*EXERCISE REQUIREMENTS*:
Only the lines below between the ones containing "Sestava dekoračních nožů" and "A warm, evocative", inclusive, are to be reproduced, each exactly as it stands.

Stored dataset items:
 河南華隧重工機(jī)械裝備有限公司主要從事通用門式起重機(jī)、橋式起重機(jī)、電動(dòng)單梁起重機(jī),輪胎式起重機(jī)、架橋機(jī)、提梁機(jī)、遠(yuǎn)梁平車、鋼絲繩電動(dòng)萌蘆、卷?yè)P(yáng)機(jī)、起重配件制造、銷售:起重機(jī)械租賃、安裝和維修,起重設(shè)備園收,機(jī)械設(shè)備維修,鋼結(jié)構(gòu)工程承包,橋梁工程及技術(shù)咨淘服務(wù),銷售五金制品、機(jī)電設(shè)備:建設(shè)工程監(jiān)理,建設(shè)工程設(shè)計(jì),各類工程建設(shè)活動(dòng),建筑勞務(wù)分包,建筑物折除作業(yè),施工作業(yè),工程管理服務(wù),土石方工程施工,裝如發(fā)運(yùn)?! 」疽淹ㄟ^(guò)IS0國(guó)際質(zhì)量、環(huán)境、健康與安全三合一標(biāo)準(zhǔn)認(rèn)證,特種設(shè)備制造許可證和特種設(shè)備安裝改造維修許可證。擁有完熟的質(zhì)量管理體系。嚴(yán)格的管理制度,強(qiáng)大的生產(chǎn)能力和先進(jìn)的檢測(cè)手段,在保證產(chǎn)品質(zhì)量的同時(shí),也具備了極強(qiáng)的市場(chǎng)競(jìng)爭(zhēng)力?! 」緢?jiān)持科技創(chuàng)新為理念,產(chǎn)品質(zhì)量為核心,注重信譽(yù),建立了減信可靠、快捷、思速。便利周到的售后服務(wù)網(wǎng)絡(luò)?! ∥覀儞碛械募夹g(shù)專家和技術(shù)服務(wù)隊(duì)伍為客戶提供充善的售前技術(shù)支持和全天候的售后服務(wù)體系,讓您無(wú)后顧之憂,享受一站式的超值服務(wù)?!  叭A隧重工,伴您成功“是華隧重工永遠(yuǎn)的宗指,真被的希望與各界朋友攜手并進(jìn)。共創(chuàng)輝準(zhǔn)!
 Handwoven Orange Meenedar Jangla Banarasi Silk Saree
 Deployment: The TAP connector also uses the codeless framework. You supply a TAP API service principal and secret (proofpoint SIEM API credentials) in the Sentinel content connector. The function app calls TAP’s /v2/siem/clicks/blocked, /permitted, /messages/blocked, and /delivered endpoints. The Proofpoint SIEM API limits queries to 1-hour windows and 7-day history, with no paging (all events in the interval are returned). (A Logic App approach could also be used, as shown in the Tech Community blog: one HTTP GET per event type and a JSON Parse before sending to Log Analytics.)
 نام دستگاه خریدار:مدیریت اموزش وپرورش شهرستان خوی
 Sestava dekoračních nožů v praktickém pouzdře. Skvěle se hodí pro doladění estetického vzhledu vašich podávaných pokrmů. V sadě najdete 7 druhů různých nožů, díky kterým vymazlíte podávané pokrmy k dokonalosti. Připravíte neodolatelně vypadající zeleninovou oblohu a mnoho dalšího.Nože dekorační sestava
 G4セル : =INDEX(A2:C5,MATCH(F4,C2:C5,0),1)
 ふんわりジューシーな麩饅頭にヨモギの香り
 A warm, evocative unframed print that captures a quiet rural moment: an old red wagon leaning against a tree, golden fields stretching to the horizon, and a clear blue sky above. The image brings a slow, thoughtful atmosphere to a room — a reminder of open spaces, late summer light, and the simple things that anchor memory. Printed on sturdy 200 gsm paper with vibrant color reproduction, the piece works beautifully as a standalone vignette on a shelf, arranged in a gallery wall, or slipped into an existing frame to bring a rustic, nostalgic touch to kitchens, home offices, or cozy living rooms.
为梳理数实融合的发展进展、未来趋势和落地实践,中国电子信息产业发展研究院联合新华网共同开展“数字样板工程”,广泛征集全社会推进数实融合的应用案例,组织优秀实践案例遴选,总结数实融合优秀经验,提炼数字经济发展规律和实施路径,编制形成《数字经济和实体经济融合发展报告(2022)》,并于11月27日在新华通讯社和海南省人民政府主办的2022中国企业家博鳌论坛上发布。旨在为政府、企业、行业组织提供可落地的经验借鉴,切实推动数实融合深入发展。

*RESPONSE*:
 Sestava dekoračních nožů v praktickém pouzdře. Skvěle se hodí pro doladění estetického vzhledu vašich podávaných pokrmů. V sadě najdete 7 druhů různých nožů, díky kterým vymazlíte podávané pokrmy k dokonalosti. Připravíte neodolatelně vypadající zeleninovou oblohu a mnoho dalšího.Nože dekorační sestava
 G4セル : =INDEX(A2:C5,MATCH(F4,C2:C5,0),1)
 ふんわりジューシーな麩饅頭にヨモギの香り
 A warm, evocative unframed print that captures a quiet rural moment: an old red wagon leaning against a tree, golden fields stretching to the horizon, and a clear blue sky above. The image brings a slow, thoughtful atmosphere to a room — a reminder of open spaces, late summer light, and the simple things that anchor memory. Printed on sturdy 200 gsm paper with vibrant color reproduction, the piece works beautifully as a standalone vignette on a shelf, arranged in a gallery wall, or slipped into an existing frame to bring a rustic, nostalgic touch to kitchens, home offices, or cozy living rooms.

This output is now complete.